Weathering associated with bedrock landslides has great influence on the solute chemistry in active mountain rivers, such as in the Western South Alps and Taiwan Orogeny ^[1-4]. Bedrock landslides generate deposits with fresh surfaces and high porosity, favorable for enhanced chemical weathering. Driven by the weathering of reactive phases (biotite and carbonate)³ and potential sulfuric acid weathering ^[2,4], the seepages from those deposits are characterized by high total dissolved solid (TDS) ^[1] and high relative concentration of K⁺, Ca²⁺ and SO₄^2-[2,4]. However, the existing studies are all from tropical to temperate climate conditions, and we are lacking case studies from high-altitude alpine regions and periglacial conditions such as cold and poorly vegetated settings.

The Zayu catchment on the SE margin of Tibetan Plateau spans great geographical gradient. The north of the catchment is in a periglacial alpine desert-meadow environment. The valley is widely covered by deposits related with talus fans or rock glacier, likely to be continuously fed by the freeze-thaw processes on mountain slopes. The south of the catchment is in temperate-subtropical monsoonal forest environment and is influenced by bedrock landslides.

We conduct comparative study for the seepages from the fan deposits in the north and the landslide in the south, as well as local stream waters in both part of the catchment, in terms of their solute load. In the south, the landslide seepages have a systematically higher Ca²⁺/TDS, K⁺/TDS and SO₄^2-/TDS ratiosthan local streams, likely related with the recent exposure of sulfide, biotite, and carbonate.
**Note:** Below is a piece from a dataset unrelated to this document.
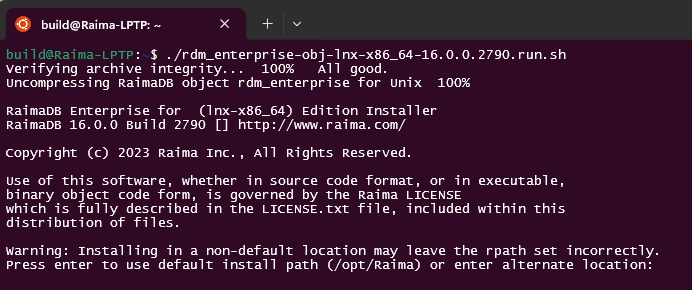 The installer will create the directory rdm_<package>-16.0 within the directory specified. We recommend that you use the default (/opt/Raima/rdm-<package>-16.0/) because all binaries have the path to the libraries embedded into them.

This result reproduces the pattern found in WSA and Taiwan and extends it to granitoid lithology characteristic of the Zayu catchment, suggesting a universal weathering mechanism for landslide deposits. In the north, the seepages and the nearby streams have nearly identical chemical characteristics, with variable, TDS, K⁺, Ca²⁺ and SO₄^2- concentrations, but similar than in the south, on average. It suggests that the mass wasting deposits in periglacial conditions can promote chemical weathering, playing a similar role than the bedrock landslides in temperate conditions, and the universal freeze-thaw process in the north periglacial catchment could be responsible for enhancing chemical weathering, as it creates fresh surface, enlarge cracks that promote hydraulic conductivity, and reduce the time for adequate water-rock interaction.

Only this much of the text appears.